The uv pip command is a wrapper around the pip command that is included in the Python installation. It is used to install packages and track them in our project configuration. It’s saying, “Hey uv, use pip to do the following command for me.” Many such commands are available in the uv tool, always prefaced with uv. In this case, uv pip list is the same as pip list.

Understanding Project Files

Let’s examine the files created by uv init:

pyproject.toml

This is the modern standard for Python project configuration. If you open it, you’ll see something like:

[project]
name = "bcog200"
version = "0.1.0"
description = "Add your description here"
readme = "README.md"
requires-python = ">=3.13"
dependencies = [
    "jupyter>=1.1.1",
    "matplotlib>=3.10.3",
    "numpy>=2.2.6",
    "pandas>=2.2.3",
]

This file makes it easy to:

Share your code with others
Ensure everyone uses the same versions of packages
Install all dependencies with a single command

What if my Python version is different from 3.13?

For this course, it would be helpful to use Python 3.13 (or higher, assuming all the packages you need are compatible with it). If your environment is using a lower version (e.g., 3.12, 3.11, etc.), then you have two ways to fix the issue. The first is to edit the requires-python entry in your pyproject.toml file to the version you want, then run uv sync to update your environment to match the new version.

The second way is to recreate your virtual environment from scratch with the version you want. This is a two-step process:

First, delete the .venv folder (if it exists)
Then, recreate it with: uv venv .venv --python 3.13

Once you have done one of these (no need to do both), you can verify your Python version by using uv run python --version which will print the version of Python you are using to the terminal.

requirements.txt

This file contains the exact versions of all installed packages, which helps ensure reproducibility. You can update it with:

uv pip freeze > requirements.txt

Using `uv` Going Forward

Here are some common uv commands you’ll use throughout this course:

Install a package and track it: uv add package_name
Install packages from requirements.txt: uv pip install -r requirements.txt
Update a package: uv add --upgrade package_name
Remove a package: uv remove package_name
Run a Python script: uv run python script.py or python script.py (after activating your environment)
Update lockfile: uv lock or uv pip freeze > requirements.txt

Shell Autocompletion (Optional)

To make it easier to use uv with tab completion, you can set up shell autocompletion:

Bash

echo 'eval "$(uv generate-shell-completion bash)"' >> ~/.bashrc

Zsh

echo 'eval "$(uv generate-shell-completion zsh)"' >> ~/.zshrc

PowerShell

if (!(Test-Path -Path $PROFILE)) {
  New-Item -ItemType File -Path $PROFILE -Force
}
Add-Content -Path $PROFILE -Value '(& uv generate-shell-completion powershell) | Out-String | Invoke-Expression'

Alternative Approaches (Not Required for This Course)

If you choose not to use uv there are other ways to install Python and manage the environments with which you will work.

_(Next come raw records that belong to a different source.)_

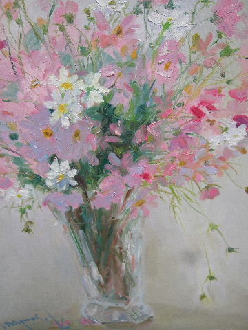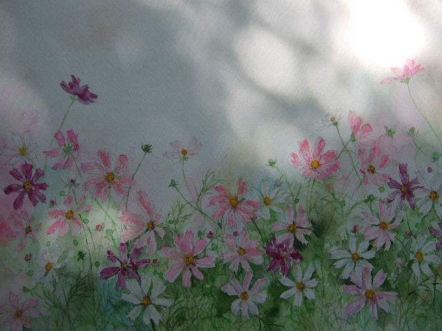 某出版社で沢山の種類の私の花の絵ハガキを製作した時にも、一番の売れ行きは断トツにコスモスだったとご連絡を頂いたことがありました。
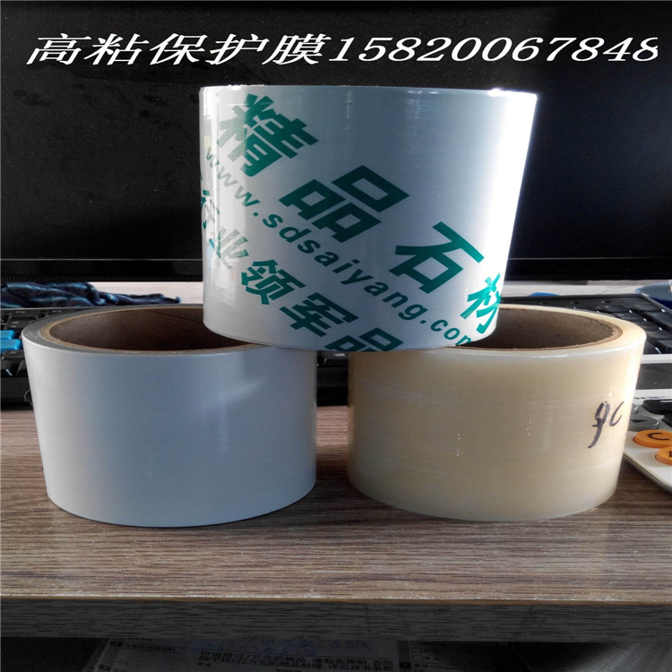 问题三:用户反映***多的就是保护膜产品的脱胶问题,这个问题在型材保护膜上体现***多,当用户把型材安装施工完毕以后把保护膜从型材表面撕下来的时候,保护膜表现的粘胶并没有随着保护膜,而是残留在了型材产品上,这是用户***不愿意看到的,因为这非常麻烦,需要专人把这些胶水从型材上刮下来,特别费工费时,出现这种问题有多种可能性,的可能就是保护膜产品用的压力胶不符合规定,也就是太粘了,导致PE保护膜产品在被剥离时,外张力大于内应力,而残留在了型材上。如果用户出现这种问题,可以用干净的抹布蘸取少许酒精,对残留的敏胶进行反复擦试,直到敏胶被擦试干净,不过需要注意的是在进行擦试的时候千万不要太用力,不然可能会影响型材产品的光洁度。
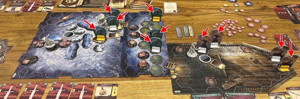 Sometimes I have a feeling that scenarios in Frosthaven are made artificially difficult. Yes, that was the idea – to have more challenge than in comparison to Gloomhaven. However, sometimes it is down in such crude, un-fun way – if not for special ability of my character it would be enormously difficult to win here.
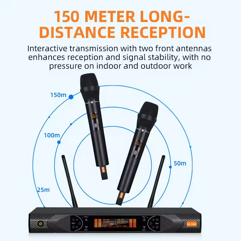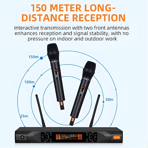 2. 150 meters transmission distance, anti-interference and anti-screaming, for multi-code machine, high sensitivity pickup, LCD display;
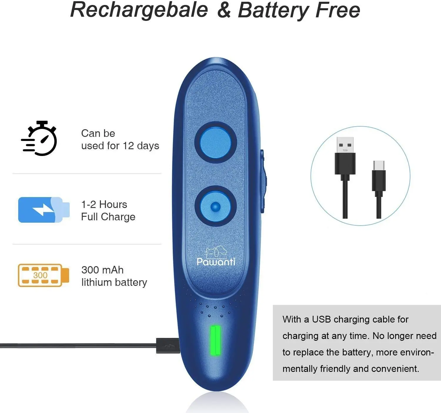 Handheld and mini size, easy to carry and use, the anti-bark control device fits perfectly in your hand. USB rechargeable and no battery design without worrying about no power, built-in 300mAh battery which can last up to 20 days.
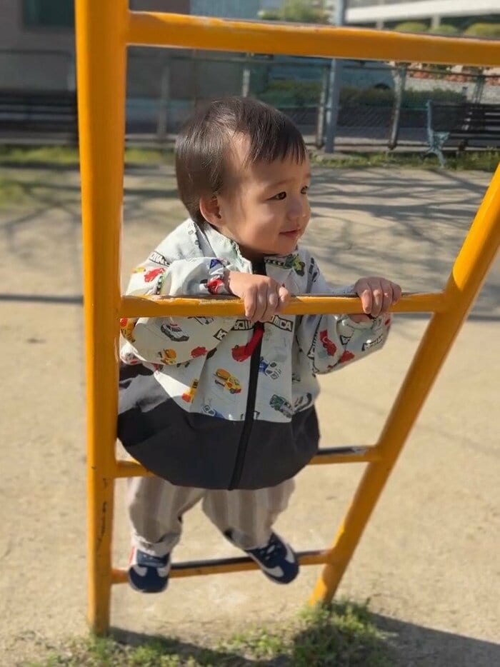さらに、温かな日差しの中、陽太くんが遊具で遊んでいる様子も披露!陽太くんは両足をぐっと踏ん張り遊具に立ち、小さな手でしっかりとバーをつかんでいて、その成長っぷりに驚くばかりです!にこにこと楽しそうな笑みを浮かべる姿からは、周囲の世界への興味や好奇心がぐんぐんと広がっていることが感じられ、心がほっこりします。
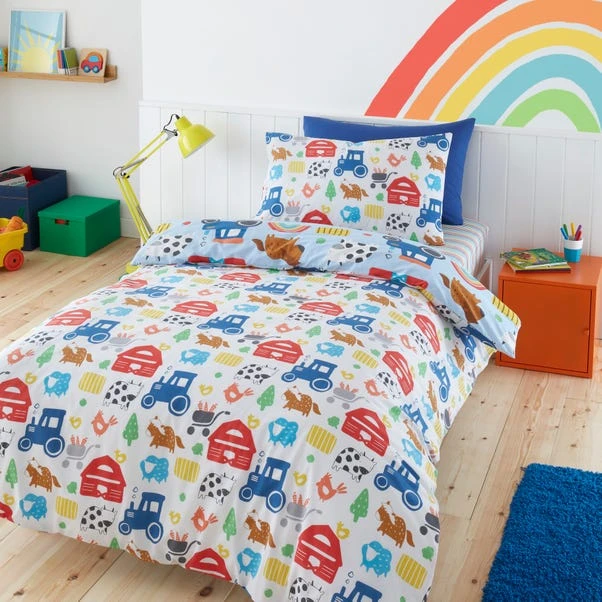 Does your little one love farm animals? Then why not treat them to this super cool and colourful reversible designed Farmyard duvet cover and pillowcase set? This set has been made from recycled polycotton material in a 144 thread count which is machine washable. It’s finished with a secure button closure to give your little one a a peaceful and uninterrupted night sleep. What more could you ask for?
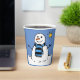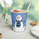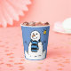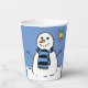 Cartoon illustration of a snowman on a sunny day. Paper cup for Christmas.
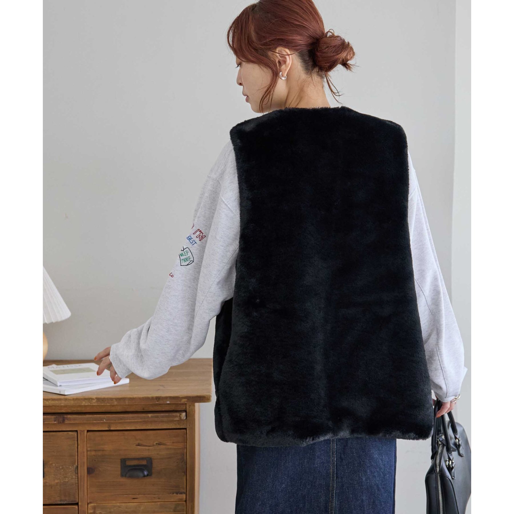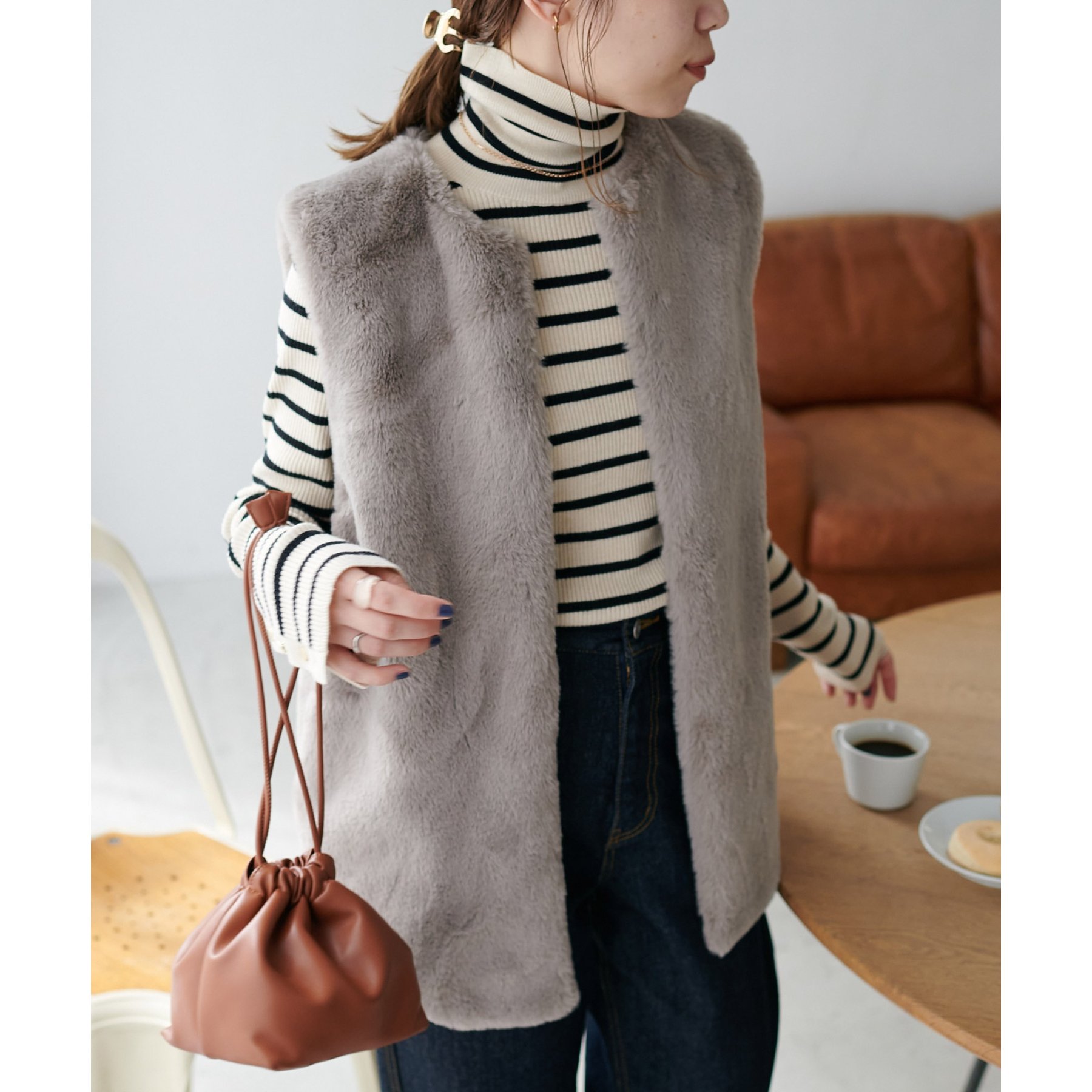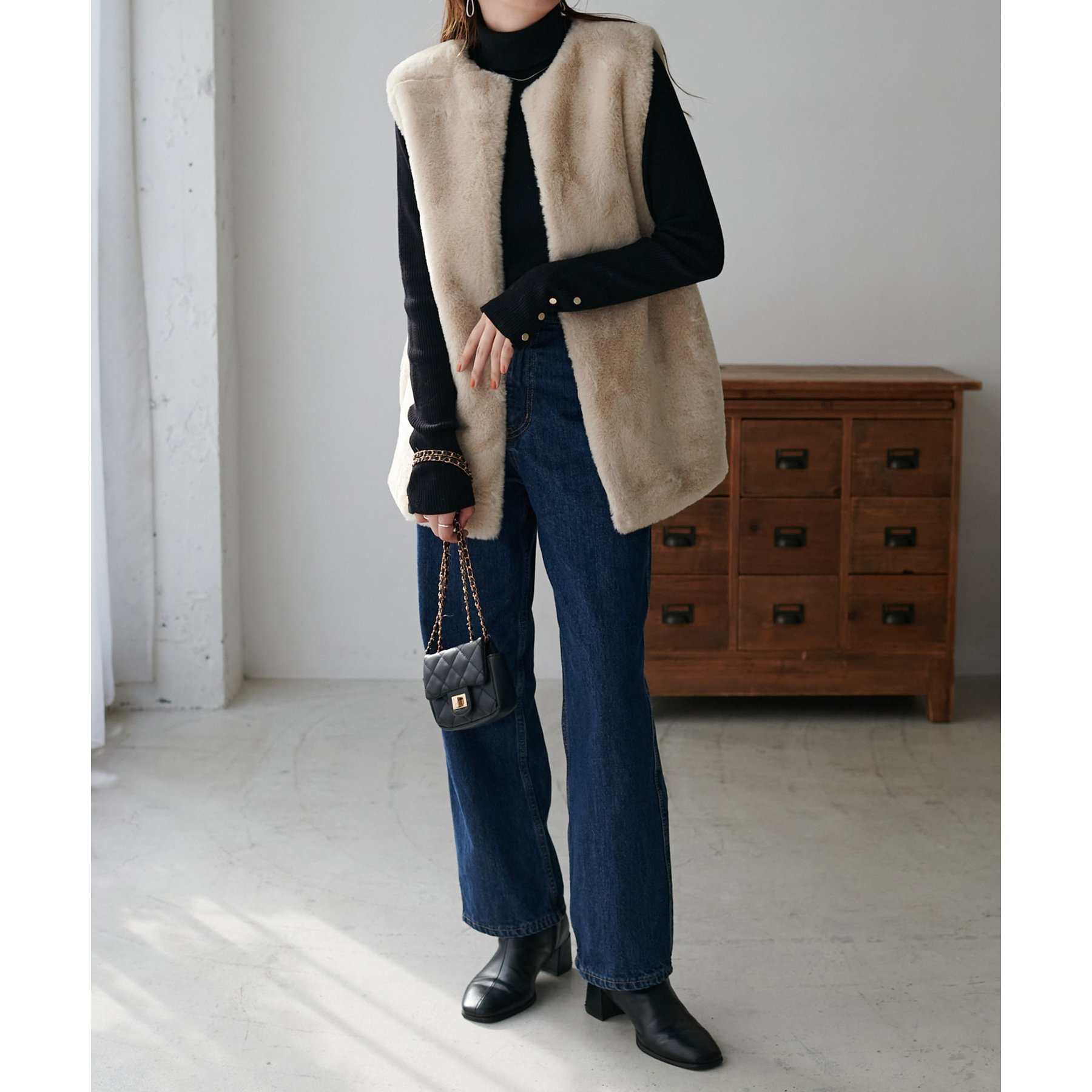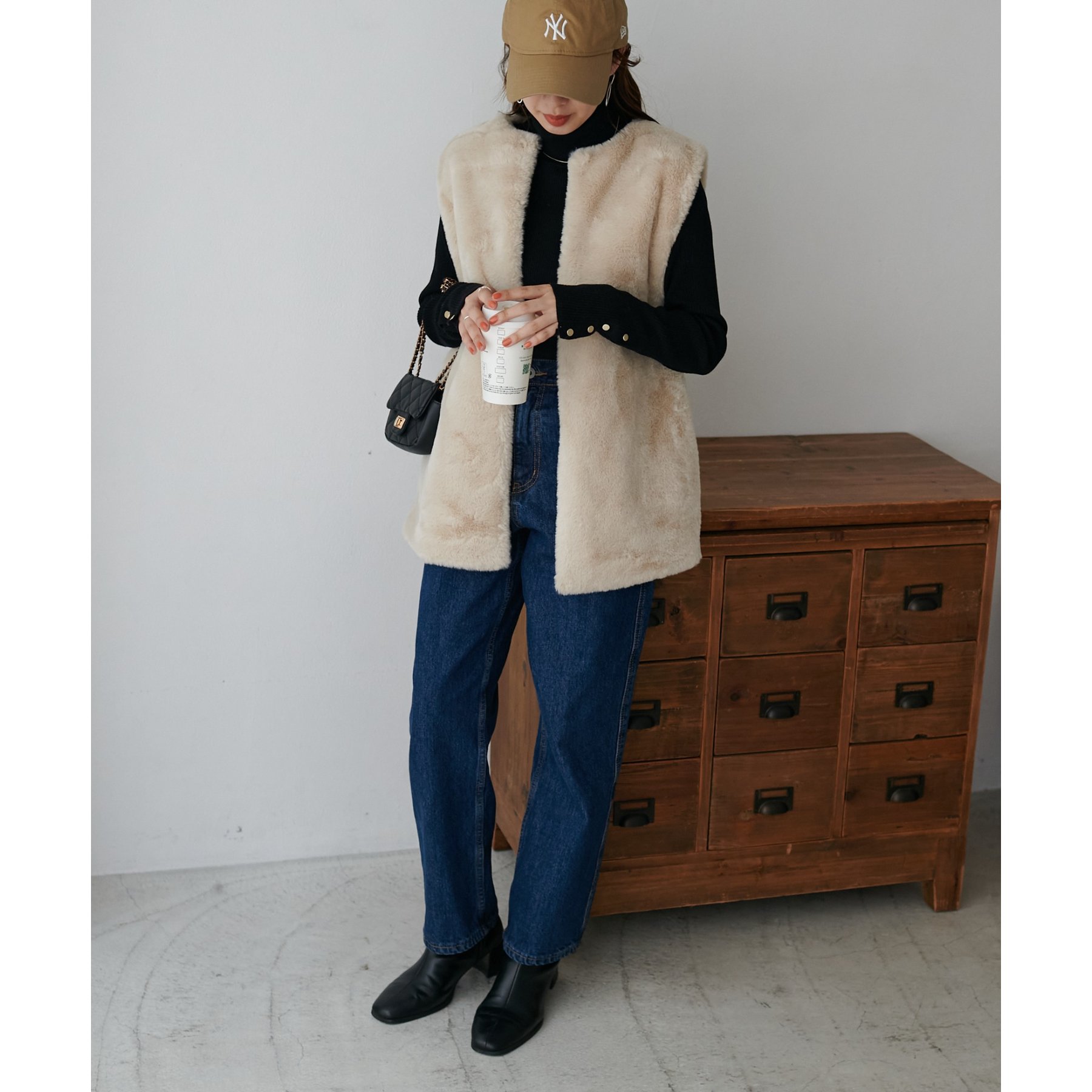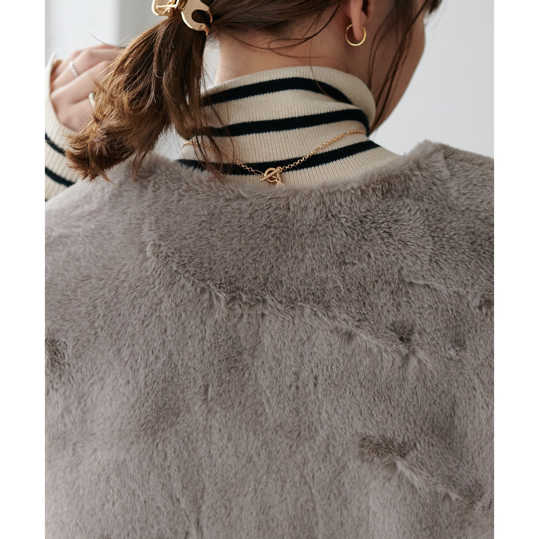 トレンドのレイヤードスタイルが叶うフェイクファーベスト
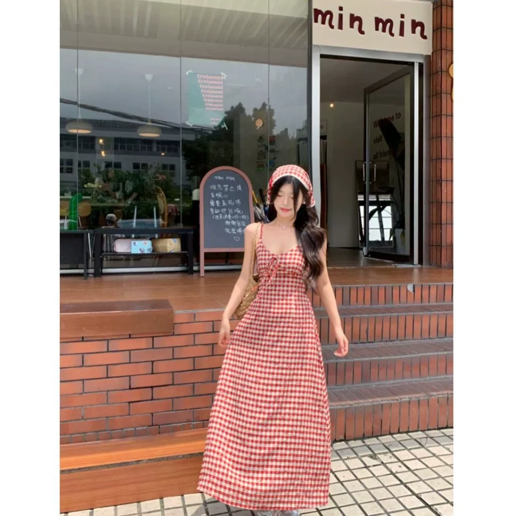 Backless Long Red Checked Dress
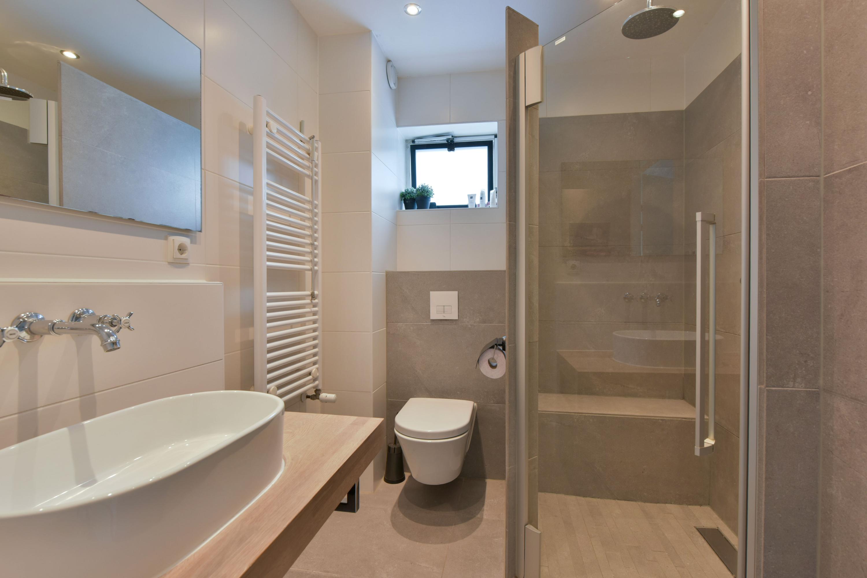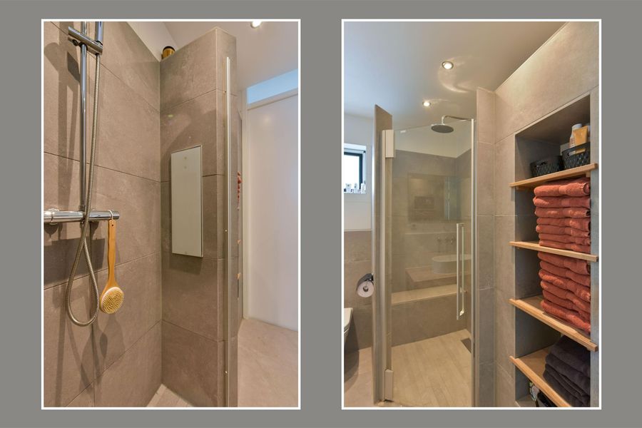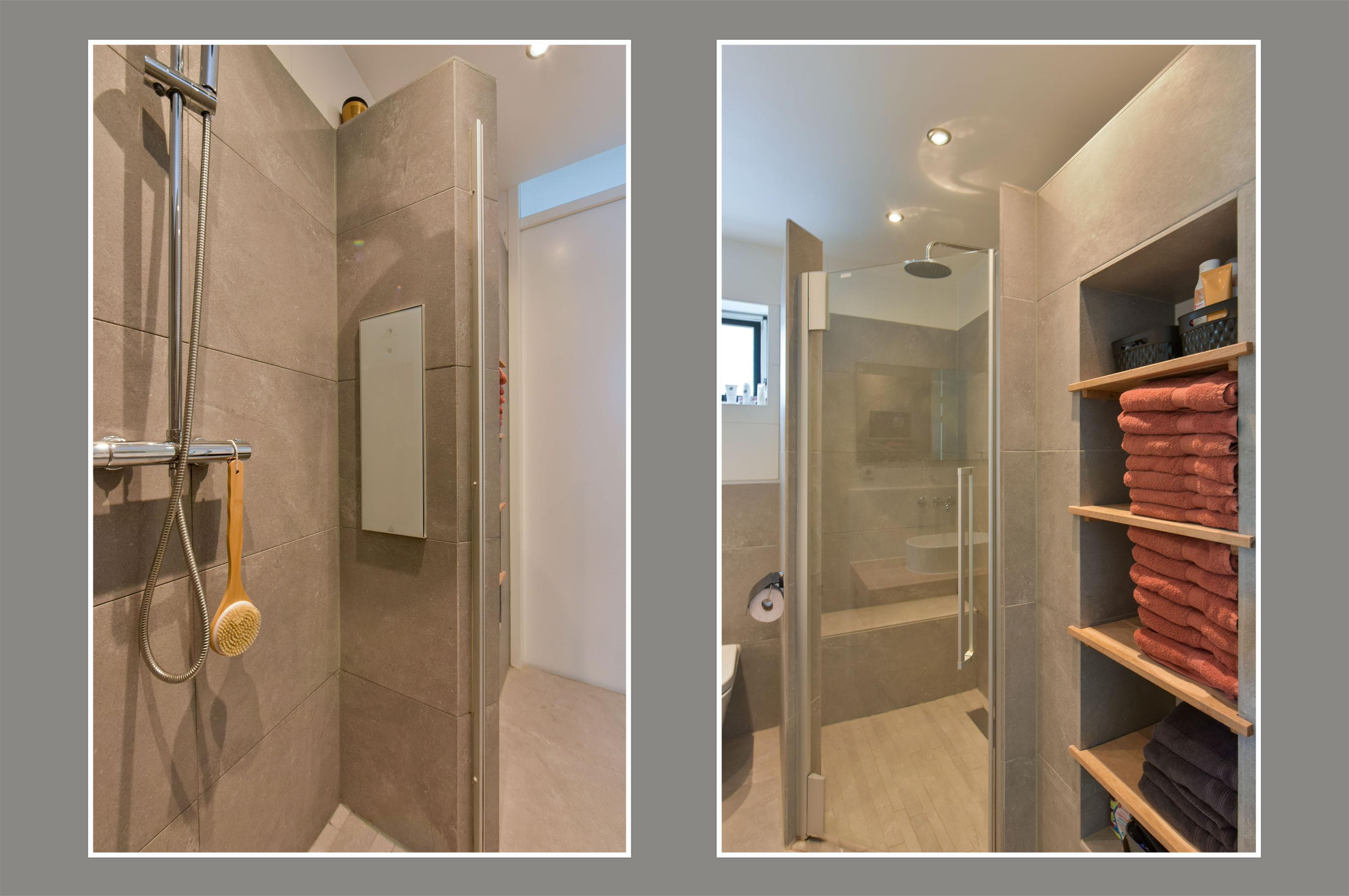 - Badkamer met douche, toilet, wastafel en stijlvolle nisjes;

Below are some of the more popular options. Do not double-up on these! If you’ve already installed uv, you don’t need to bother with this section. Simply pick your favorite method and roll with it.

System-level Installation

Directly installing Python on your operating system is simple but has limitations:

Difficult to manage multiple Python versions
Can lead to conflicts between packages
Not as easily reproducible across different computers

Conda (Anaconda/Miniconda)

Conda is a popular package manager that:

Creates isolated environments
Manages non-Python dependencies well (especially useful for data science)
Has a large ecosystem of pre-compiled packages

However, Conda has some drawbacks:

Significantly slower than uv
More complex to understand and use
Takes up more disk space (especially Anaconda)
Can sometimes have dependency resolution issues

If you’re already familiar with Conda and prefer to use it, you can do so, but the examples in this course will use uv.

Troubleshooting

Common Issues and Solutions

If you encounter issues with the installation, here are some common problems and their solutions:

“Command not found” errors: Make sure you’ve reopened your terminal after installation.
Permission errors:
- On Mac/Linux, you might need to use sudo for some commands
- On Windows, try running your terminal as administrator
PATH issues:
- Make sure uv is in your PATH (see the section in 0.3 about the PATH)
- On Windows, you might need to add it manually through System Properties > Environment Variables
Activation doesn’t work:
- If activate doesn’t work, make sure you’re using the correct path to the activate script
- Windows uses backslashes: .venv\Scripts\activate
- Mac/Linux uses forward slashes: source .venv/bin/activate

Getting Help

If you’re stuck, here are some resources:

uv documentation: https://docs.astral.sh/uv/
Ask your instructor or TA during office hours

Exercise: Set Up Your Python Environment

Before moving on, complete these tasks to ensure your Python environment is ready:

Install uv
Navigate to your bcog200 folder and initialize a project with uv init
Create a virtual environment that uses Python 3.13
Activate the environment
Install the packages: numpy, pandas, matplotlib, and jupyter
Make sure your dependencies are tracked in pyproject.toml
Check that your python version is 3.13 by running python --version
Run a simple Python program to verify everything is working:

Exercise solution — only expand when you’re done or utterly stuck

curl -LsSf https://astral.sh/uv/install.sh | sh
uv init
uv venv .venv --python=3.13
source .venv/bin/activate
uv add numpy pandas matplotlib jupyter
cat pyproject.toml
python --version
python hello_world.py  # or some other very simple program

# Save this file as test.py in your bcog200 folder. Naturally, you do not need this comment in the file itself.
import numpy as np
import pandas as pd
import matplotlib.pyplot as plt

print("Python is working!")
print(f"NumPy version: {np.__version__}")
print(f"Pandas version: {pd.__version__}")

# Create a simple plot
plt.figure(figsize=(6, 4))
plt.plot([1, 2, 3, 4], [1, 4, 9, 16], 'ro-')
plt.title('A Simple Plot')
plt.savefig('test_plot.png')
plt.close()

print("If you can see this message and a file called 'test_plot.png' was created, everything is working correctly!")

Run the program with:

python test.py

If you can see the message in your terminal and see a plot image created in the folder, you’re all set!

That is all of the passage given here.